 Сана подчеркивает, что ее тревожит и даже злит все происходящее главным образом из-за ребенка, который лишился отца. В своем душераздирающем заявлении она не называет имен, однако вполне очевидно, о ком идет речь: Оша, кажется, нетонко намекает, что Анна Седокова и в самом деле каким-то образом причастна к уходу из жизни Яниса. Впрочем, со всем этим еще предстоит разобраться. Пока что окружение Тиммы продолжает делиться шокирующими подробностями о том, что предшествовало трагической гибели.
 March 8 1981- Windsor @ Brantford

* * * *

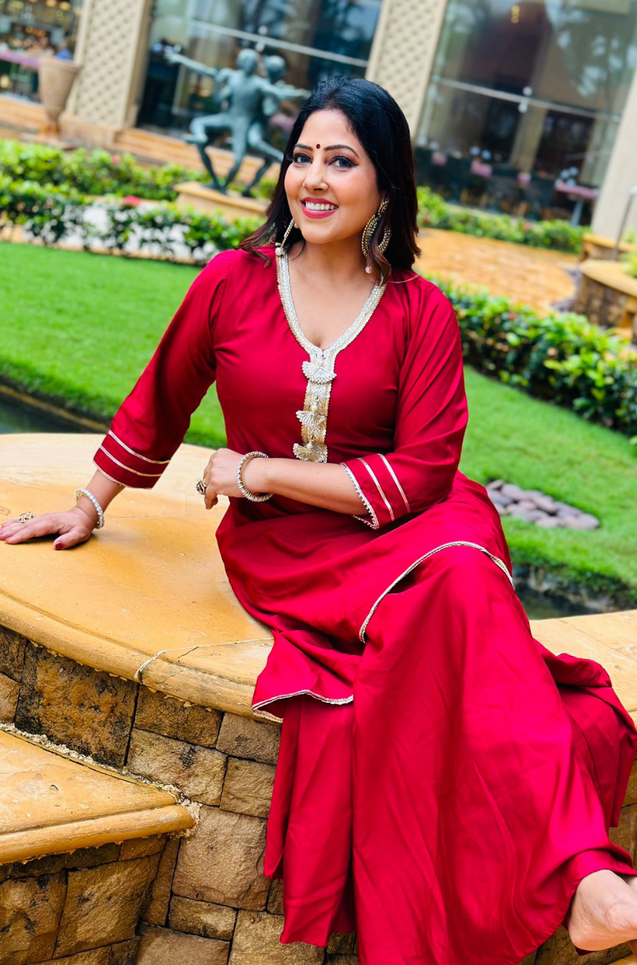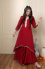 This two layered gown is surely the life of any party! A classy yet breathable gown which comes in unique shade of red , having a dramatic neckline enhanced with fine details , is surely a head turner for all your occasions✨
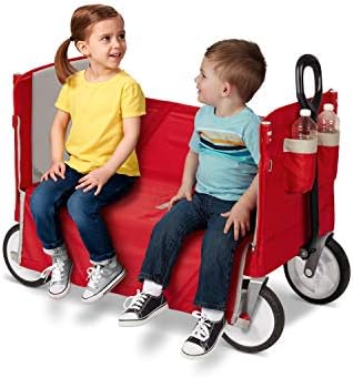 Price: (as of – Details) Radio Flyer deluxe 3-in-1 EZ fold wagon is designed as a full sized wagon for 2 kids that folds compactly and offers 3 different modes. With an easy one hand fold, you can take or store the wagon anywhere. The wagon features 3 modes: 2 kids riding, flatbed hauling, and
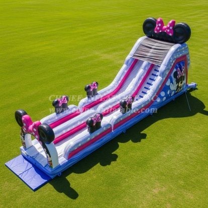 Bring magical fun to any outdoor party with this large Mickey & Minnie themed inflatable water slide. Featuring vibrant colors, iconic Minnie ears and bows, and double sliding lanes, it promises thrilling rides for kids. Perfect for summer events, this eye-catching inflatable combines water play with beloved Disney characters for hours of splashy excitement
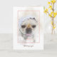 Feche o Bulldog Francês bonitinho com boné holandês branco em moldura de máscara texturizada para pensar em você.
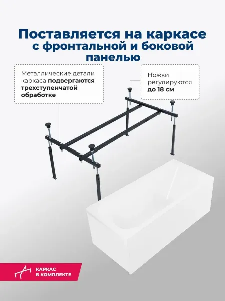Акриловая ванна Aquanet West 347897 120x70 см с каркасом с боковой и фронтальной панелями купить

* * * *

ACTIVITY: What's needed is an exact copy of the records above from the line containing "Feche o Bulldog" down to the line containing "Акриловая ванна Aquanet", both included, without any pictures.

ANSWER SPACE:
 Feche o Bulldog Francês bonitinho com boné holandês branco em moldura de máscara texturizada para pensar em você.
Акриловая ванна Aquanet West 347897 120x70 см с каркасом с боковой и фронтальной панелями купить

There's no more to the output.